The answer lies, I think, in convention. The web development community has nailed this with projects like Ruby On Rails and Django. If I’m working within Ruby on Rails, and I name my objects according to convention, then I get a lot of code for free – I actually save time by writing good code. This saving is not a projected – “you’re not going to be able to read that code in 2 years” saving – but an immediate and obvious one. If I abide by the Ruby on Rails structure, then I don’t have to build my databases from scratch. Web forms are automagically generated. My life is made considerably easier and, without trying, my code has a much better structure.

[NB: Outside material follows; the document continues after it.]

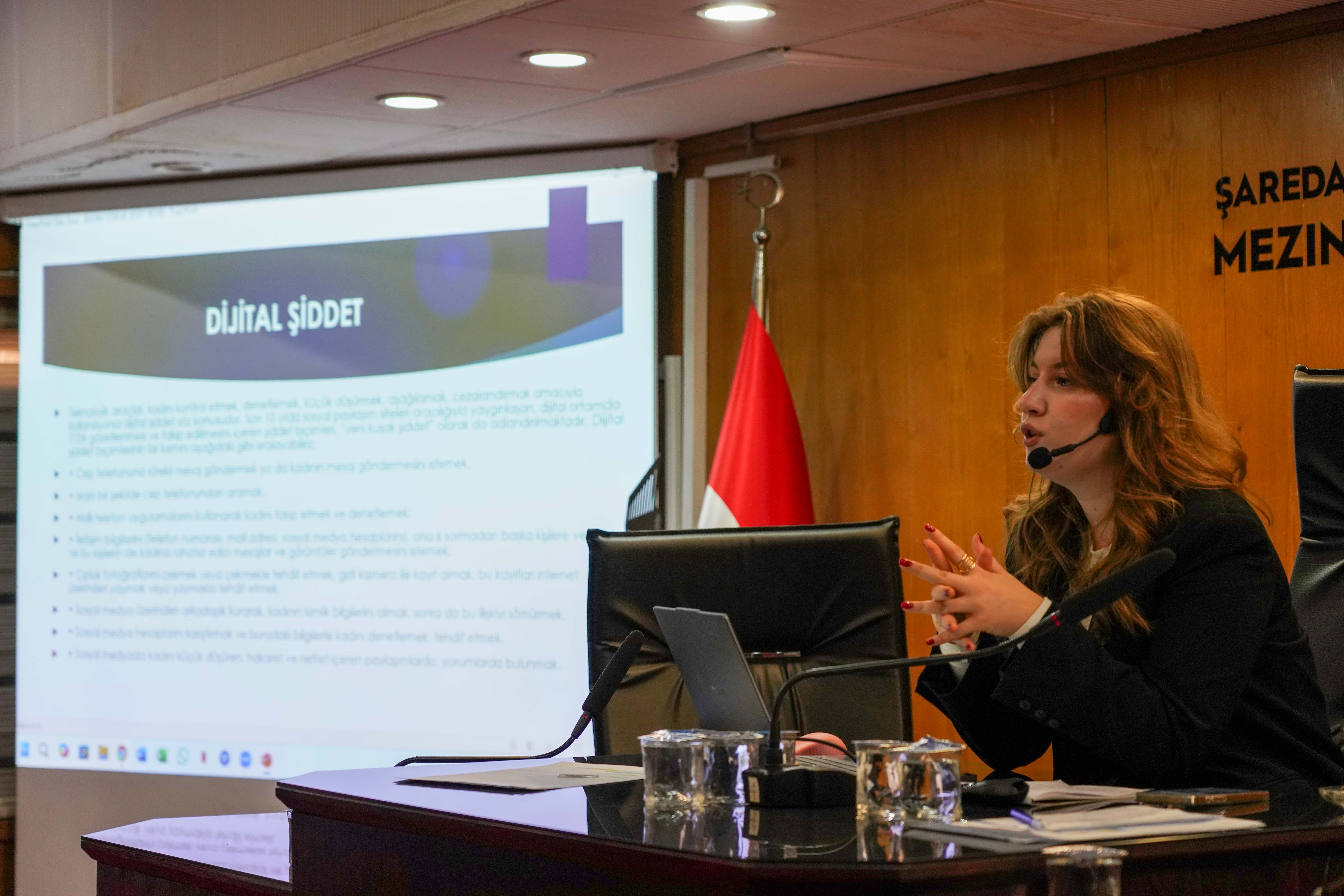Kadın ve Aile Hizmetleri Dairesi Başkanlığı 25 Kasım Kadına Yönelik Şiddete Karşı Uluslararası Mücadele Günü kapsamında kadına yönelik şiddet konusunda farkındalık oluşturmak amacıyla belediyenin kadın çalışanlarına yönelik bir seminer düzenledi. Belediye Meclis Salonunda gerçekleştirilen seminerde, Diyarbakır Barosu Kadın Hakları Merkezi Temsilcisi Avukat İrem İlhan, “Kadına Yönelik Şiddet”, “Şiddet Türleri”, “Ailenin Korunması ve Kadına Karşı Şiddetin Önlenmesine Dair Kanuna (6284)” dair sunum gerçekleştirdi.

So do we have any data science conventions? My argument is ‘hell yes’: if I don’t abide by some strong data science conventions then I’ll get into well justified trouble. Are the raw data available? Have I made the preprocessing steps clear? Are my data properly normalized? Are my assumptions valid and openly expressed? Has my algorithm converged? Have the functions I have written been unit tested? Have I performed a proper cross validation of the results?
I think that projects like ProjectTemplate, which imposes a useful structure for a project written in R, is a great start. ProjectTemplate treads a fine line: not upsetting those who like to code close to the metal, whilst rewarding those who follow some simple conventions. ProjectTemplate coaxes us into writing well structured projects by saving us time. For example, it currently provides generic helper functions that read and format most common data files placed into the data/ folder, producing a well structured R object with virtually zero effort on the part of the coder.
A lot of code already exists to implement standard data science conventions. From cross validation packages to unit tests, our conventions are already well encapsulated. Collecting these tools together into a data science templating system would allow us to formalize best-practices and help with teaching the ‘carpentry‘ aspects of data science. Most importantly it would allow readers to get a clear view of the analysis, using well documented data science conventions as a navigational tool.
At a recent meeting in NYC a well-known data scientist said something like “is awk and grep the best we can do?” which, though a little incendiary, raised a serious question. Are we really destined, time and time again, to re-create a data science pipeline every time a new data set comes our way? Or could we come to some agreement that there is a set of common procedures that underly all our projects?
So I’m interested in hearing what the data science communities think our conventions are, and then in building these into software like ProjectTemplate. Please leave your ideas in the comments and, by automating these conventions, we can start to build more readable code structures. I’ll report on how these conventions evolve as I go along. Maybe we don’t have to reinvent the wheel over and over again – even if it does mean accepting some loose conventions. In return, we focus on the important aspects of analysis, and everyone else will find it much easier to trust what we have to say.